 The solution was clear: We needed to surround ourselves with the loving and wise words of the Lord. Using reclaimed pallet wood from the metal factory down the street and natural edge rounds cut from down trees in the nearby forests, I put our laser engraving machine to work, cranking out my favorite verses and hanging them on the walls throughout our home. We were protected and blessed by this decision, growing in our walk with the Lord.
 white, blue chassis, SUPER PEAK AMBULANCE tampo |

==

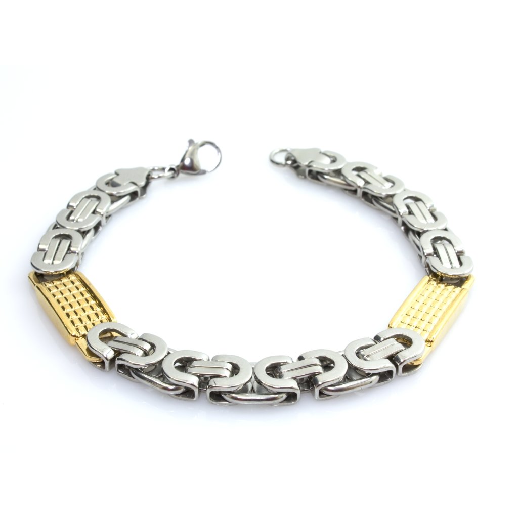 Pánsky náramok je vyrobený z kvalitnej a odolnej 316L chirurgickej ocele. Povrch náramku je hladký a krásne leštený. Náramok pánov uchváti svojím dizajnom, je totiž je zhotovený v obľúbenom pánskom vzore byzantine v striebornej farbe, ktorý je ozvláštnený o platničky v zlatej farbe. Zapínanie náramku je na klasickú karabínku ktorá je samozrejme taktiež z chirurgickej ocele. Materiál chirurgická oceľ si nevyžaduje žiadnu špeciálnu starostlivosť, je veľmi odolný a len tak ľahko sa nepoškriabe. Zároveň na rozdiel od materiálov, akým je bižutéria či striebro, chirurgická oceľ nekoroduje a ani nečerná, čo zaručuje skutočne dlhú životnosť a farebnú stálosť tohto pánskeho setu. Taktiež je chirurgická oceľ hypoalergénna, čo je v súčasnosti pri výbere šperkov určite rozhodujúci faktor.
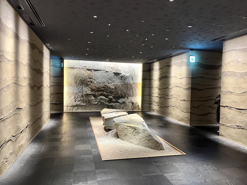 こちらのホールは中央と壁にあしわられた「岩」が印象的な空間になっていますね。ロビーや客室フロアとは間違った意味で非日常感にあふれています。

**Work required:**
The required output is every line above from the one with "The solution was" down to the one with "white, blue chassis, SUPER", restated word for word, ends included.

**Written response:**
 The solution was clear: We needed to surround ourselves with the loving and wise words of the Lord. Using reclaimed pallet wood from the metal factory down the street and natural edge rounds cut from down trees in the nearby forests, I put our laser engraving machine to work, cranking out my favorite verses and hanging them on the walls throughout our home. We were protected and blessed by this decision, growing in our walk with the Lord.
 white, blue chassis, SUPER PEAK AMBULANCE tampo |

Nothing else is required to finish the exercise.